##### Available data

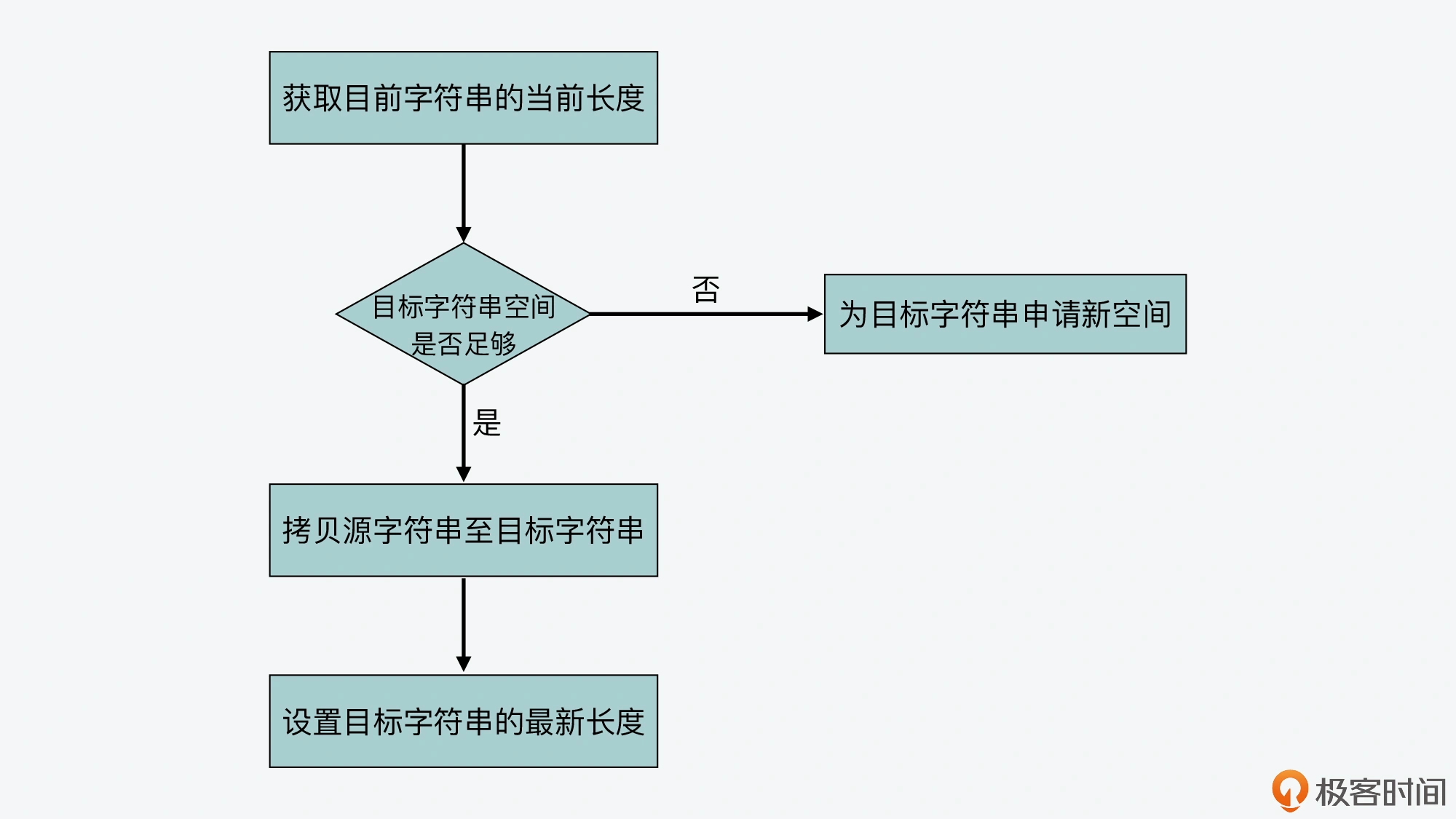 从代码中可以看到,strcat 函数和 strlen 函数类似,复杂度都很高,也都需要先通过遍历字符串才能得到目标字符串的末尾。然后对于 strcat 函数来说,还要再遍历源字符串才能完成追加。另外,它在把源字符串追加到目标字符串末尾时,还需要确认目标字符串具有足够的可用空间,否则就无法追加。
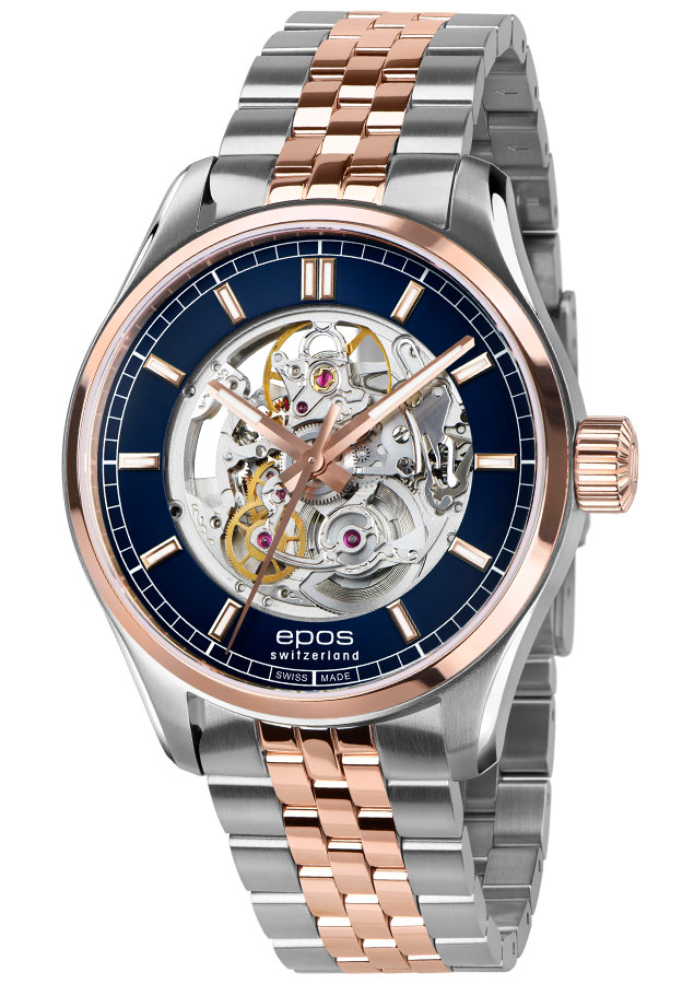 EPOS 3501 SK je vybaven známým a plně skeletovým automatickým Machinekem SW200, s krásnými rytinami a speciálně broušeným a zdobeným rotorem. Zadní strana pouzdra, šroubovaná a glazovaná minerálním sklem, umožňuje obdivovat úžasně zdobený mechanismus. Pozoruhodná voděodolnost do 100 metrů 10 barů. Zářivě modrý ciferník s lineárními indexy, které jsou vyplněny luminiscenční látkou, stejně jako hodinová a minutová ručka. Elegantní klasický design se bude dokonale hodit ke košili nebo obleku a ohromující povrchová úprava skeletu uspokojí každého milovníka hodinářství.
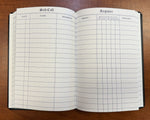 The small edition has 100 pages, 1,800 entries. Size 6" x 9 1/2". Heavy permalife ledger paper. Bound in black fabrikoid. Gold title. Most popular size book.
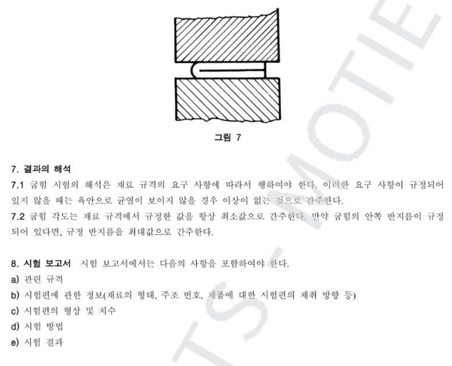 이 규격은 1985년에 제1판으로 발행된 ISO 7438 Metallic materials-Bend test 를 기초로 하여, 기술적 내용 및 규격서의 서식을 변경하지 않고 작성한 한국산업규격이다. 이 규격은 종래의 한국산업규격 KS B 0803:1977 금속 재료 굽힘 시험편 및 KS B 0804:1977 금속 재료 굽힘 시험 방법을 대체한다.
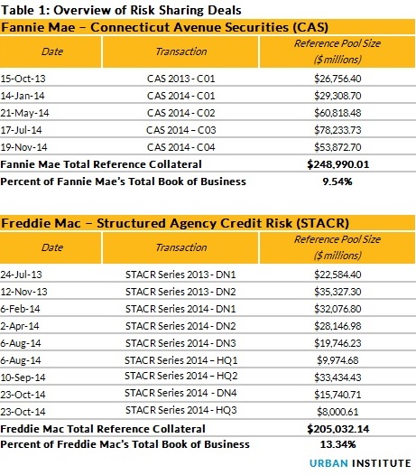 Freddie Mac’s first risk sharing Structured Agency Credit Risk (STACR) deal in July 2013 was followed by Fannie’s first deal -- Connecticut Avenue Securities (CAS) -- in October, 2013. While these early deals focused primarily on loans with very low loan-to-value (LTV) ratios, these deals have also included mortgages with LTVs over 80 percent since May 2014.
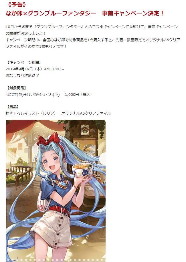 ■なか卯×グランブルーファンタジー 事前キャンペーン決定!
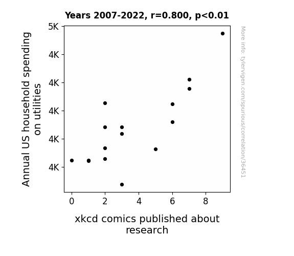 This means 64% of the change in the one variable (i.e., xkcd comics published about research) is predictable based on the change in the other (i.e., Annual US household spending on utilities) over the 16 years from 2007 through 2022.
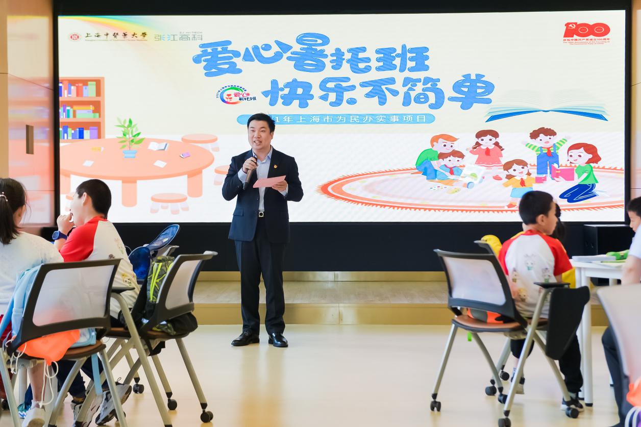 6月28日上午,2021年“爱心暑托班”开班仪式在sunbet申搏官网大学生创新创业实践园举行。仪式在庄严的国歌声中拉开序幕。校党委副书记、副校长朱惠蓉,共青团上海市委员会学校工作部部长任浡,共青团浦东新区委员会副书记李慧,张江高科党委委员、副总经理郑刚,张江高科董事会办公室主任、第四党支部书记郭凯,校工会专职副书记车荣华、保卫处处长孙鸿杰、后勤保障处处长周强峰、团委书记吴平、针灸推拿学院党总支副书记马杰、康复医学院党总支副书记毕亚男出席本次活动。
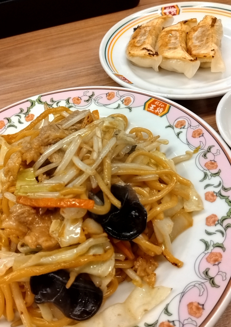 本日のメニューは焼きそばとジャストサイズのゼロ餃子
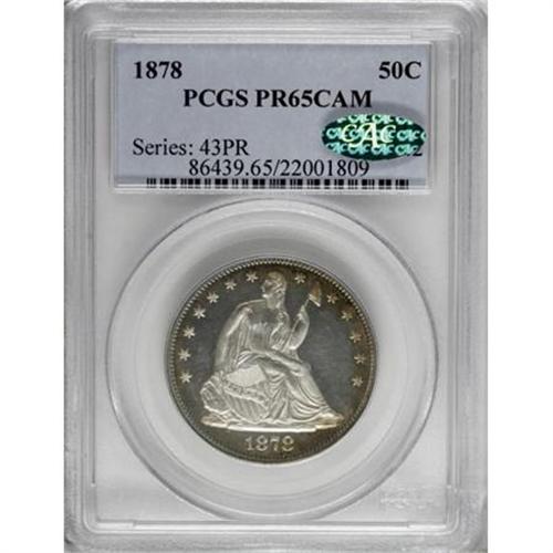 <B>1878 50C PR65 Cameo PCGS. CAC.</B></I> Type Two Reverse. Peripheral cobalt-blue, purple, and golden-tan patina embrace both sides of this magnificent Gem proof Cameo, and a well executed strike brings out uniformly sharp definition on the design features. The few minor hairlines interspersed among die polish lines preclude a possibly higher grade. Population: 3 in 65 Cameo, 5 finer (11/07).<BR><I>From The Kallenberg #1 PCGS Registry Set Of Proof Half Dollars.</B></I><BR><BR><b>Shipping:</b> Coins & Currency (<a target="_blank" href="http://www.heritageauctions.com/common/shipping.php">view shipping information</a>)
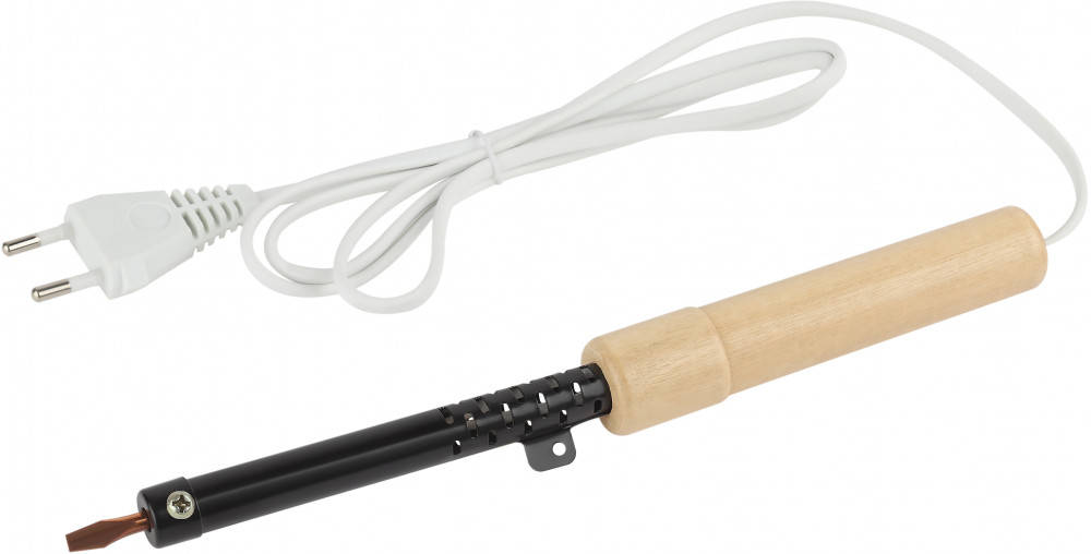 Паяльник при первом использовании показал все свои недостатки. Во-первых, на окрашенной металлической поверхности вспузырилась и облезла краска. Во-вторых, металлическая трубка плохо держится в деревянной ручке, шатается и может выпасть. Даже одноразовая вещь должна хотя бы один раз нормально работать, чего об этом паяльнике не скажешь.
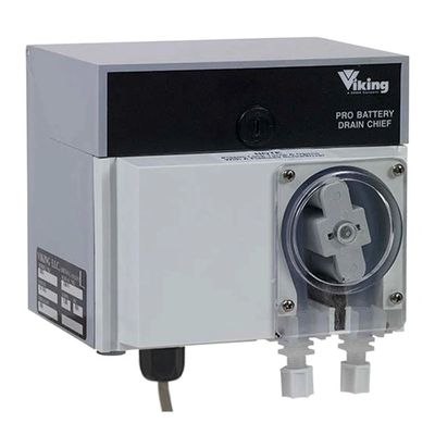 DrainMaster System An automatic injection system that completely takes the worry and guesswork out of one of the biggest headaches in any commercial kitchen: Grease Waste. The system uses a simple, timed metering pump to inject the exact right daily dosage into the waste lines and grease trap, at the right time of day to provide maximum effectiveness. There is no water supply required, and the entire unit runs on 110-volt AC power, or two 6-volt batteries.
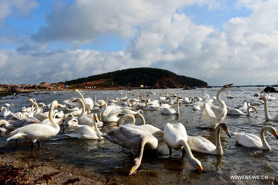 Swans look for food on a lake in Rongcheng, east China's Shandong Province, Nov. 28, 2014. Several tens of thousands of swans migrating from Siberia converged in Rongcheng to pass the winter recently. (Xinhua/Guo Xulei)
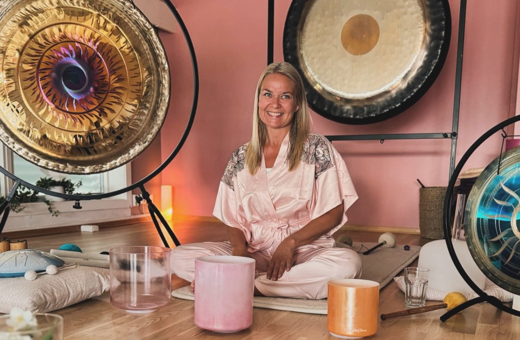 Timen ledes av Lise Bjørvik, som er yogalærer og lydhealer
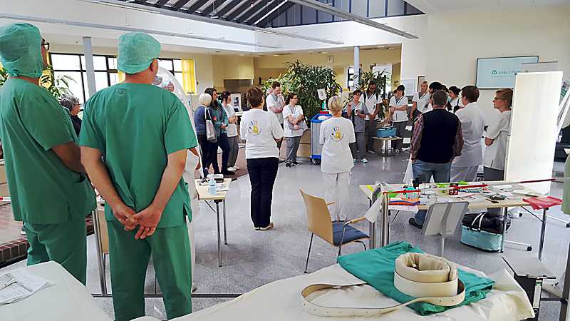 Experten aus unterschiedlichen Abteilungen und Bereichen zeigten in stündlichen Führungen an unterschiedlichen Stationen, was alles in den Harzkliniken für die Patientensicherheit getan wird, von der Aufnahme als Patient, über Aufklärungs- und Sicherheitsmaßnahmen bei der OP, bis hin zur Physiotherapie und Hygiene. Die einzelnen Schwerpunktthemen dabei: Checkliste vor der OP, Patientenarmband für jeden, Aktion Saubere Hände für beste Hygiene.
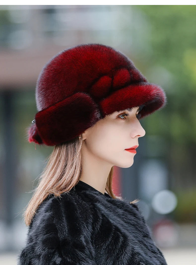 Real Mink Fur Hat for Women – Winter Thickened Whole Mink Fur Fisherman Hat with Ear Protection

##########

§ **Work required**: Word for word, restate the lines from the line containing "<B>1878 50C PR65" through the end of the data, including the first and last of them. Pictures stay out.

§ **Output for this exercise**:
 <B>1878 50C PR65 Cameo PCGS. CAC.</B></I> Type Two Reverse. Peripheral cobalt-blue, purple, and golden-tan patina embrace both sides of this magnificent Gem proof Cameo, and a well executed strike brings out uniformly sharp definition on the design features. The few minor hairlines interspersed among die polish lines preclude a possibly higher grade. Population: 3 in 65 Cameo, 5 finer (11/07).<BR><I>From The Kallenberg #1 PCGS Registry Set Of Proof Half Dollars.</B></I><BR><BR><b>Shipping:</b> Coins & Currency (<a target="_blank" href="http://www.heritageauctions.com/common/shipping.php">view shipping information</a>)
 Паяльник при первом использовании показал все свои недостатки. Во-первых, на окрашенной металлической поверхности вспузырилась и облезла краска. Во-вторых, металлическая трубка плохо держится в деревянной ручке, шатается и может выпасть. Даже одноразовая вещь должна хотя бы один раз нормально работать, чего об этом паяльнике не скажешь.
 DrainMaster System An automatic injection system that completely takes the worry and guesswork out of one of the biggest headaches in any commercial kitchen: Grease Waste. The system uses a simple, timed metering pump to inject the exact right daily dosage into the waste lines and grease trap, at the right time of day to provide maximum effectiveness. There is no water supply required, and the entire unit runs on 110-volt AC power, or two 6-volt batteries.
 Swans look for food on a lake in Rongcheng, east China's Shandong Province, Nov. 28, 2014. Several tens of thousands of swans migrating from Siberia converged in Rongcheng to pass the winter recently. (Xinhua/Guo Xulei)
 Timen ledes av Lise Bjørvik, som er yogalærer og lydhealer
 Experten aus unterschiedlichen Abteilungen und Bereichen zeigten in stündlichen Führungen an unterschiedlichen Stationen, was alles in den Harzkliniken für die Patientensicherheit getan wird, von der Aufnahme als Patient, über Aufklärungs- und Sicherheitsmaßnahmen bei der OP, bis hin zur Physiotherapie und Hygiene. Die einzelnen Schwerpunktthemen dabei: Checkliste vor der OP, Patientenarmband für jeden, Aktion Saubere Hände für beste Hygiene.
 Real Mink Fur Hat for Women – Winter Thickened Whole Mink Fur Fisherman Hat with Ear Protection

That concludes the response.